Mountain peak in Langtang region

Tsangbu Ri (also known as Kimshung) is a mountain peak in the Himalayas, located on the border of Bagmati Province of Nepal and the Tibet Autonomous Region of China.

== Location ==
The mountain peak lies north of the Langtang Khola river valley in Langtang National Park at 6781 m above sea level. The border to China is just 2 km north of the summit. Along the east flank, the Kimshung Glacier extends into the Langtang Valley, and along the west side, the Lirung Glacier. In the west, Langtang Lirung is located at a distance of 4 km.

== Climbing history ==
The first ascent of Kimshung was achieved on October 20, 2025, by a rope team consisting of four people.
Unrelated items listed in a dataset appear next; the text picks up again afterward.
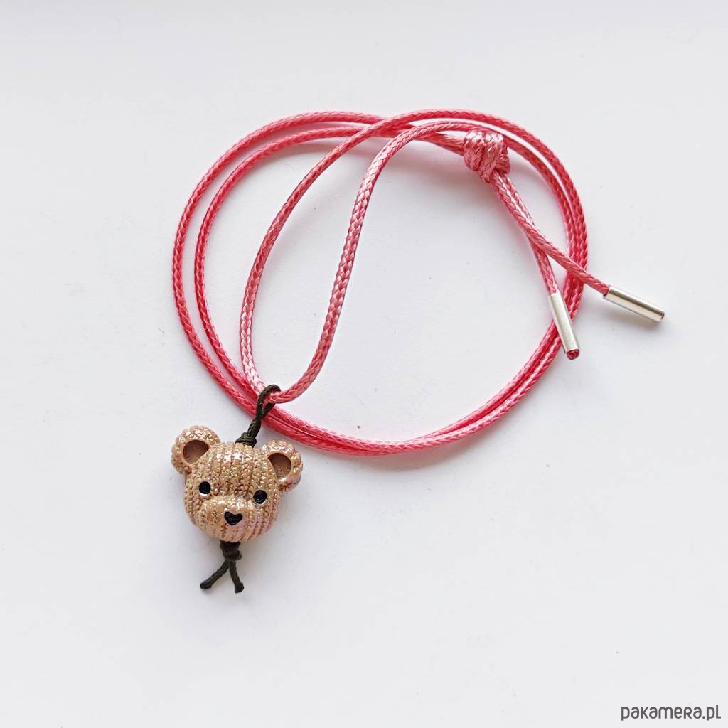 MIŚ wisiorek uroczy design. Nietuzinkowy dodatek idealnie stanowi uzupełnienie swobodnych, casualowych stylizacji. Wisiorek wykonany są z : koralik akrylowy – miś – (23X 19 mm), ozdobny sznurek, srebro pr. 925. Ten niebanalny drobiazg na pewno wywoła uśmiech na Twojej twarzy.
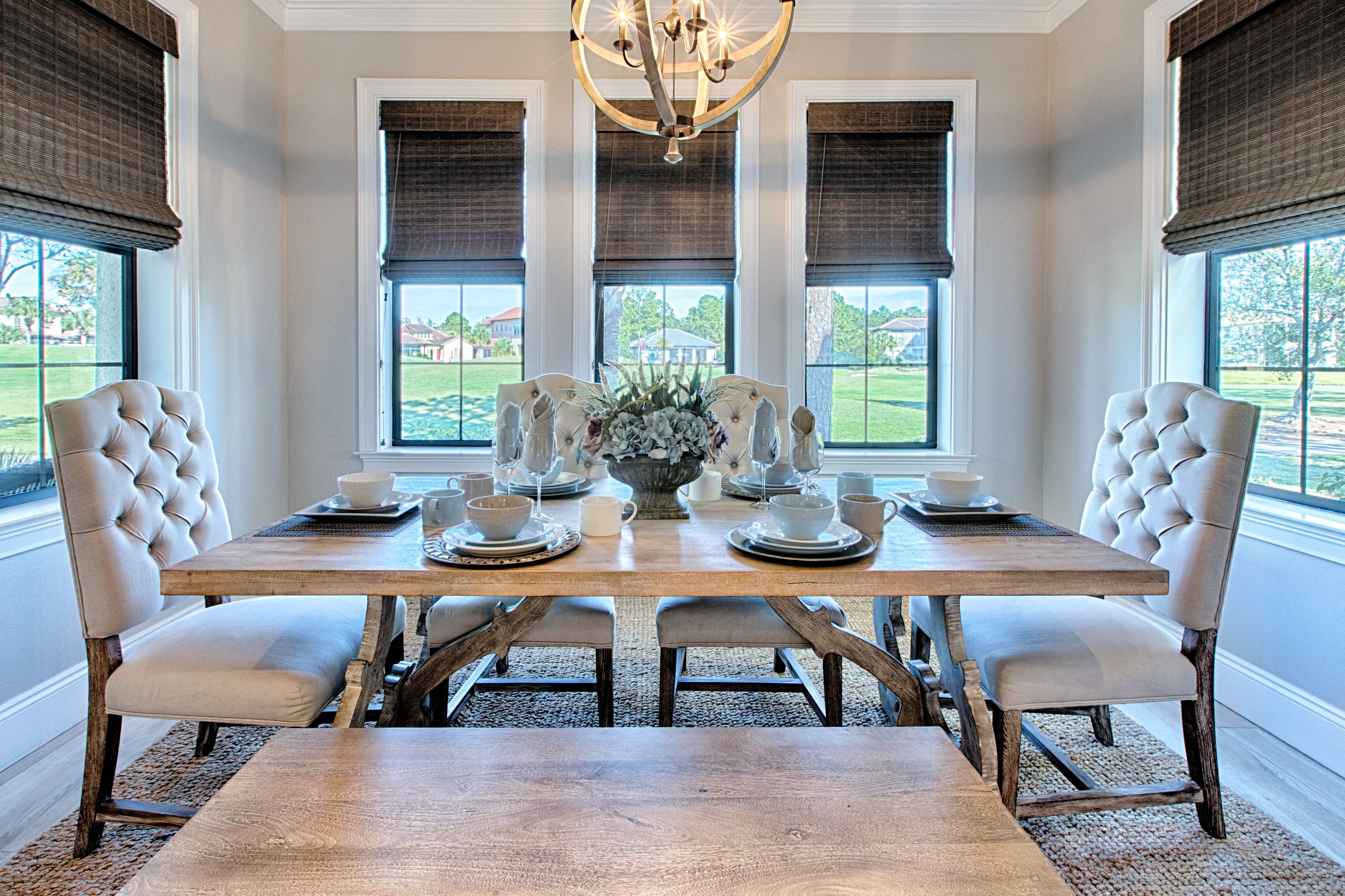 Our family (2 adults + 3 kids) spent a week here for Spring Break 2019. The home could not have been more gorgeous...and CLEAN! My family laughed at me because I just kept commenting on "how cute" it was. The location is fantastic (and Sandestin never disappoints!), and we utilized the pool right across the street, went to dinner/ice cream at the Wharf just down the road, short drive to the beach, we jogged the trails, played basketball, hit up juice place in the shops at the front, and we also just enjoyed sitting on the balcony/patio with a glass of wine watching the golfers go by. Grocery store is just down the road (technically outside the gates of the resort, but you don't even have to get on the highway). Small snafu with the golf carts meant we were without both for about half the week, but the mgmt. co was responsive and helpful (as was Sandestin security and Ft Walton Fire Dept!). Each child had their own room/bathroom, and we had ample space. If you consider staying at this property (AND YOU SHOULD!), make sure you bring your own beach towels as well as items for the kitchen. We left the corkscrew that we bought, and were missing basic items such as oven mitts (something you take for granted until you're ready to pull something hot out of the oven!). Panama City Beach is about 30-45 mins away, and charming Seaside was even closer (if the traffic there not been so INSANE, we would have spent more time).
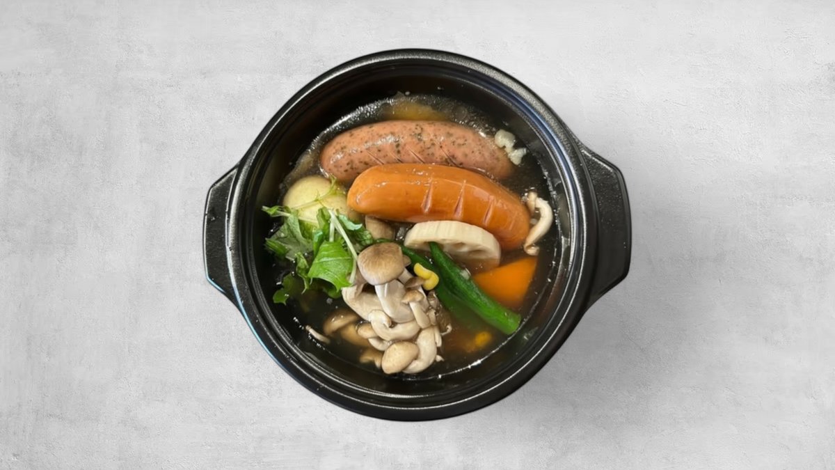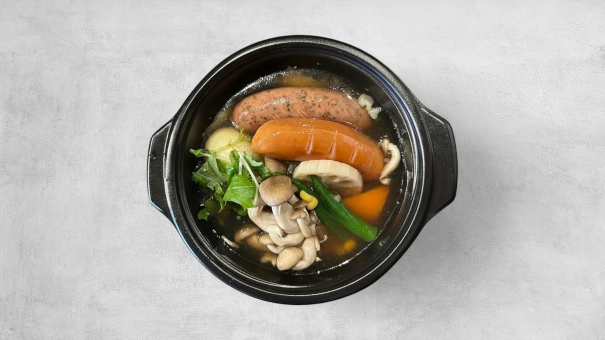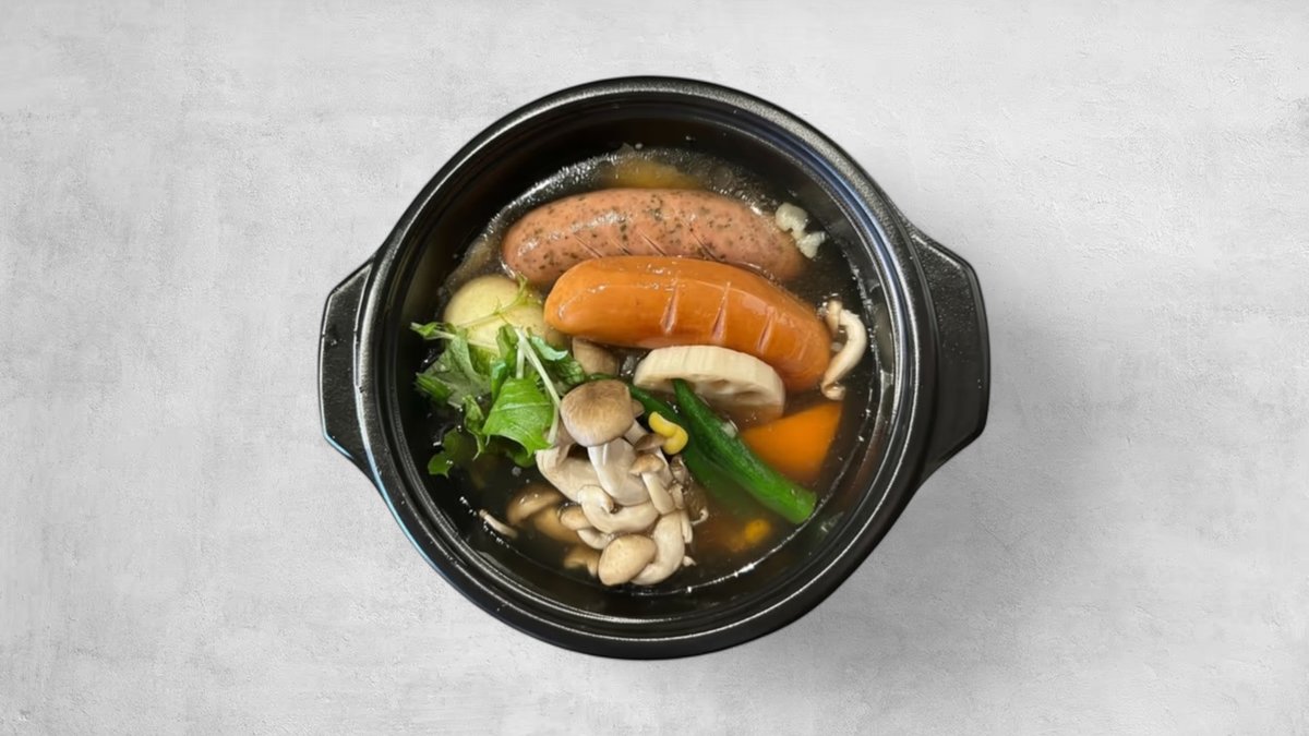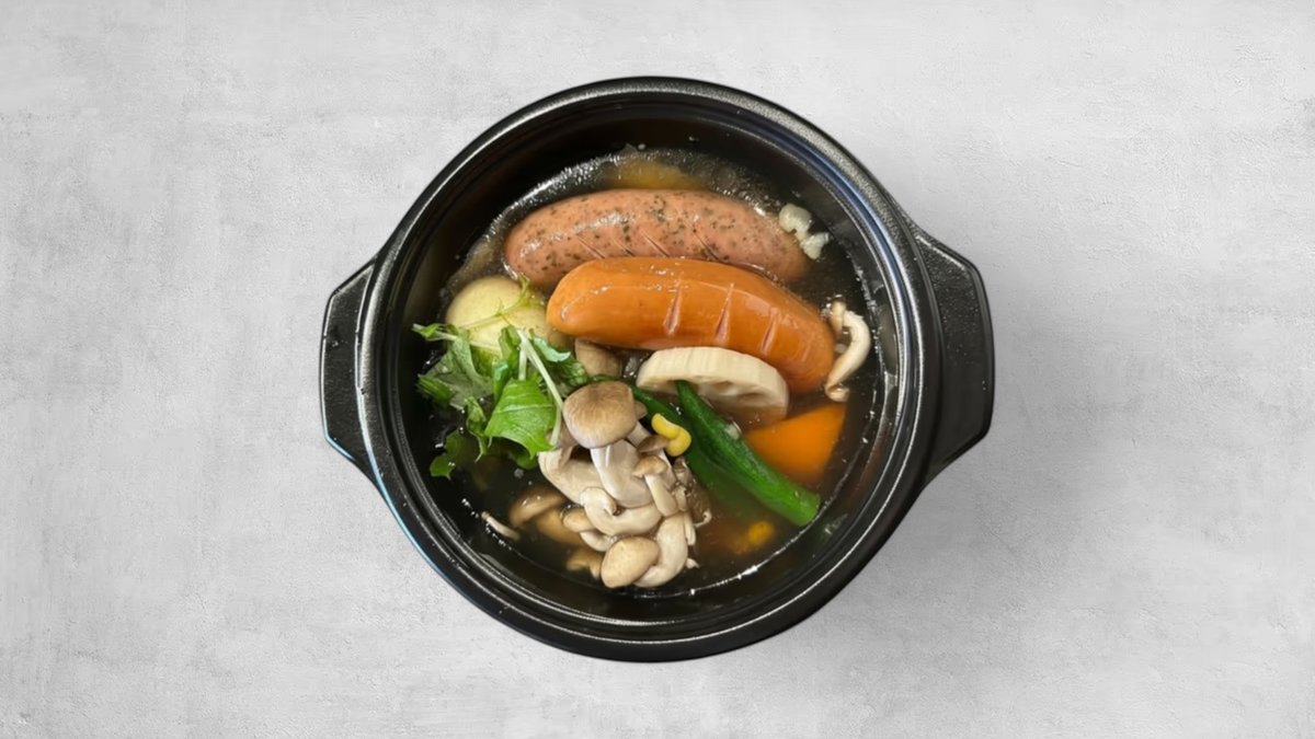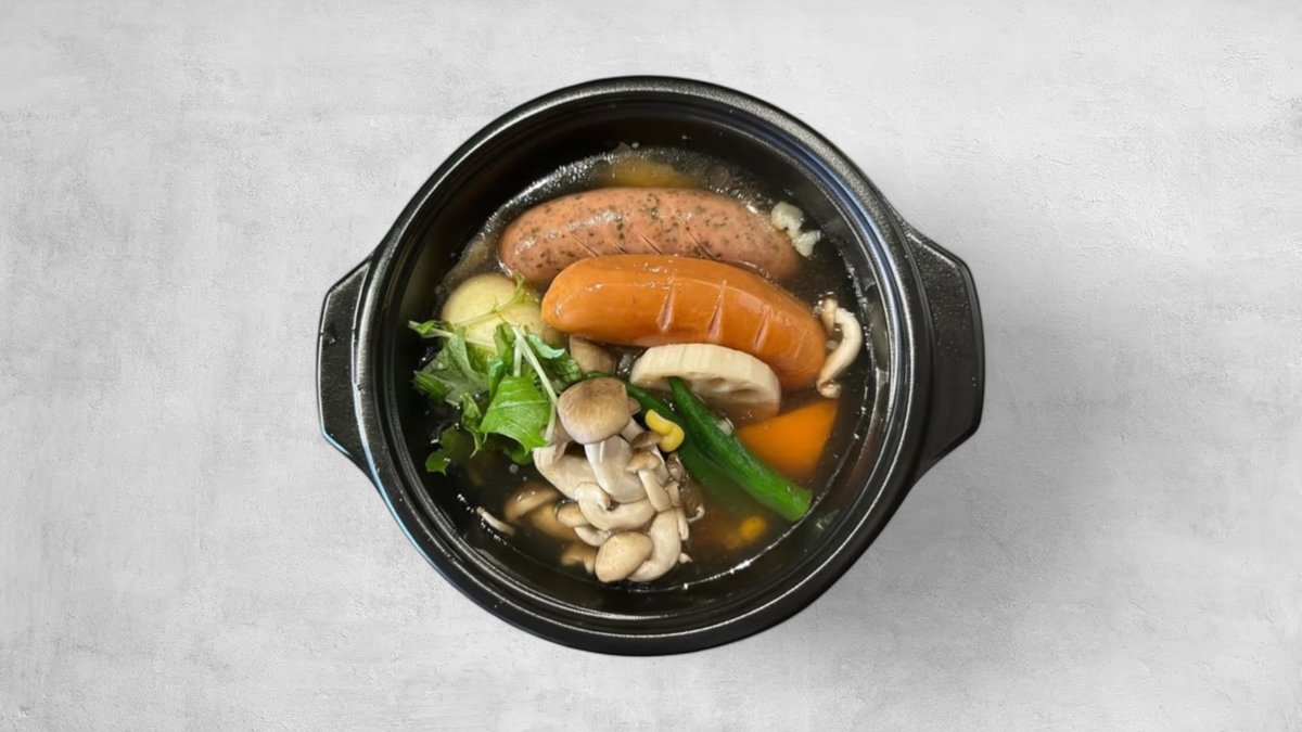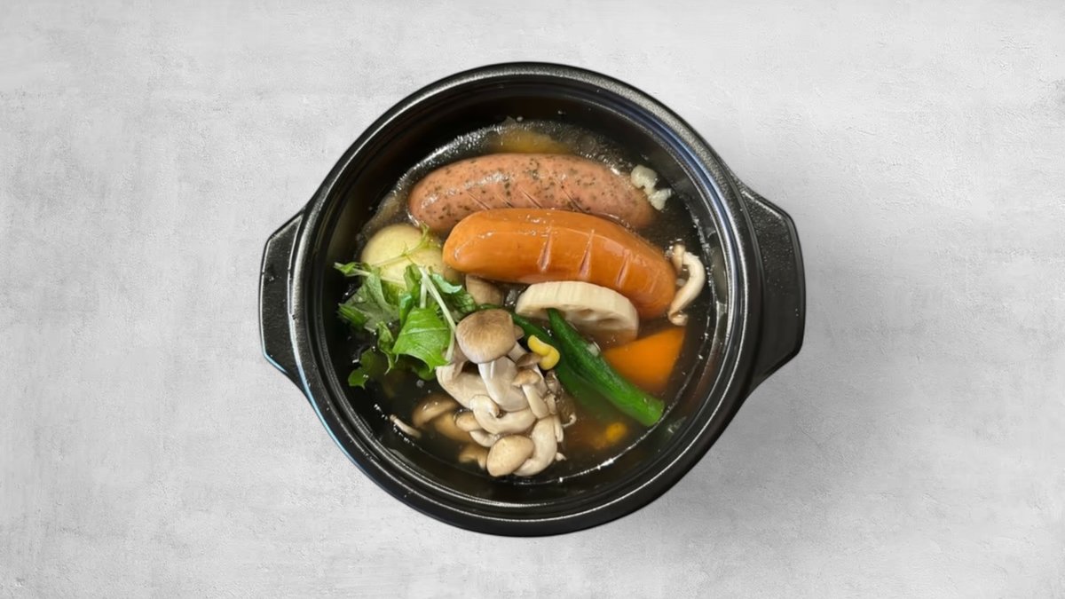 ソーセージを贅沢に2本使用したボリューム系メニュー。 ブラックペッパーの効いたスープと肉汁たっぷりのソーセージの相性は抜群です。
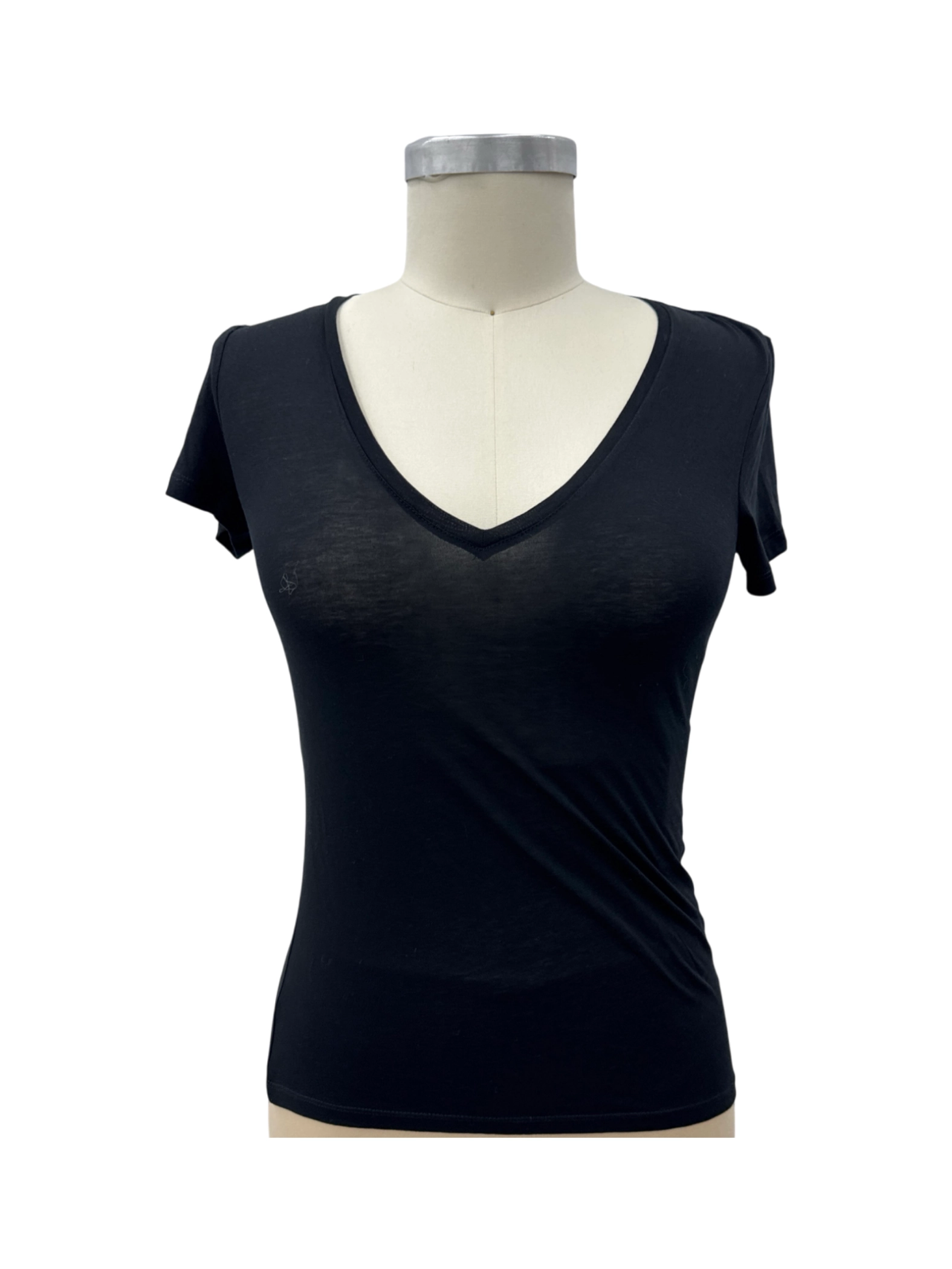 Elevate your basics with this pre-owned Club Monaco T-shirt. Crafted from a blend of cotton and modal for a soft and comfortable feel. This classic V-neck tee features short sleeves, making it perfect for warmer weather. Ideal for casual wear, this versatile top can be dressed up or down. A timeless addition to any wardrobe, offering both style and comfort. Made in India.
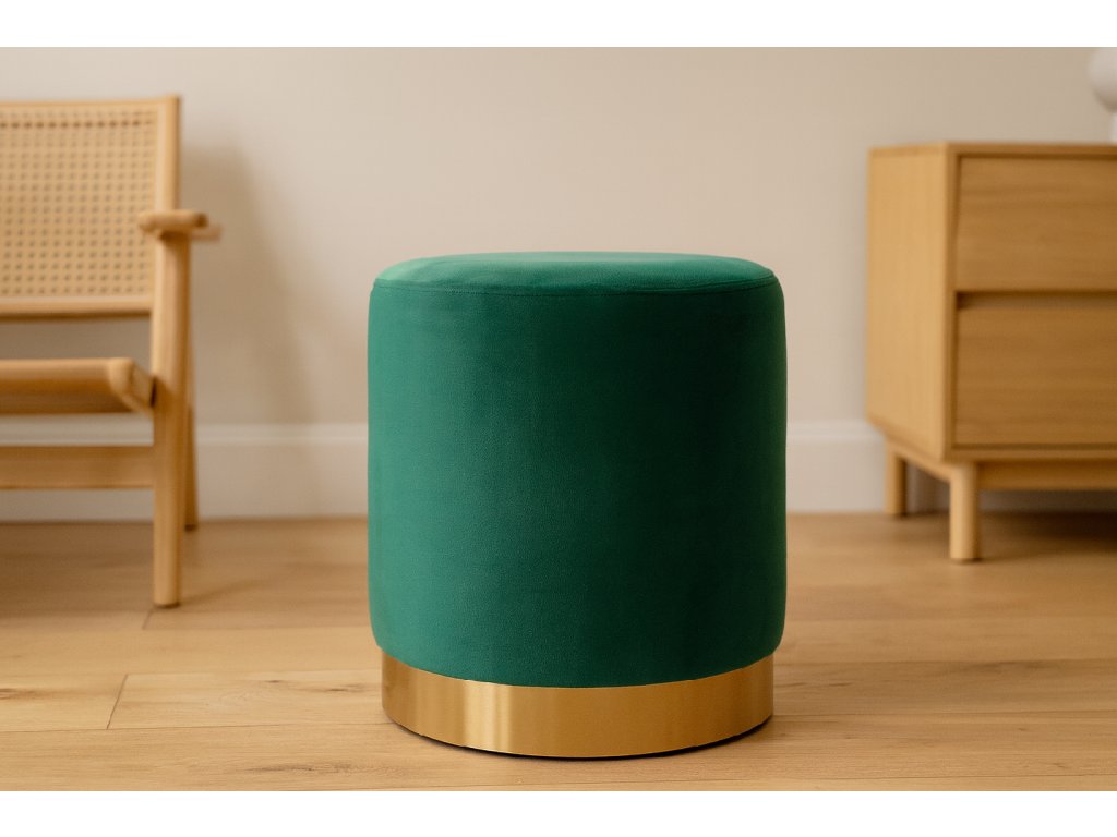 Velúrová pufa na zlatom podnožke 35x40 cm v tmavozelenej farbe je elegantný a funkčný kus nábytku do obývačky, spálne alebo predsiene. Poskytuje pohodlie, štýl a trvanlivosť, osvedčuje sa ako sedadlo, podnožka alebo dekoratívny akcent.
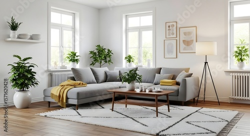 Cozy Living Room with Gray Sectional Sofa, Plants, and Natural Light from Windows Interior
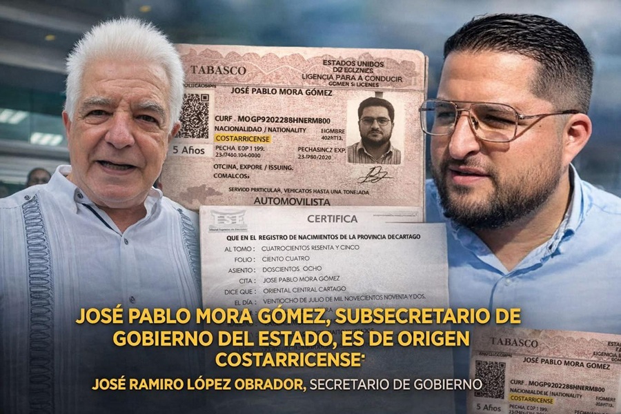VILLAHERMOSA, Tabasco, miércoles 18/03/2026.- Si Layda Sansores importó a Campeche y colocó en casi todos los cargos de su gobierno a michoacanos, chilangos y hasta austriacos, su homólogo de Tabasco, Javier May, también morenista, está igual o peor, pues colocó como subsecretario de Gobierno a un ¡costarricense! ¡Sí! un sujeto llamado José Pablo Mora Gómez, oriundo de Costa Rica. Como si entre los tabasqueños no hubiera gente preparada y capaz de ejercer esta función.

The first climbers were Benjamin Zörer from Austria, Lukas Waldner from South Tyrol, and François Cazzanelli and Giuseppe Vidoni, both from Italy.

=== Attempts ===

- In 2017, Swiss climbing duo Alex Gammeter and Philipp Bührer made an attempt via Kimshung Glacier.
- In 2024, the Italian climbing team from the Aosta Valley, including François Cazzanelli, Roger Bovard, Emrik Favre, Jérôme Perruquet, Stefano Stradelli, Francesco Ratti and Giuseppe Vidoni. They named the AI3/4+ route the Arête des amoureux (French for “The Lovers Ridge”) after Aostan World Cup skier Jean-Daniel Pession and his girlfriend, Elisa Arlian, who died together in a mountain accident earlier in 2024.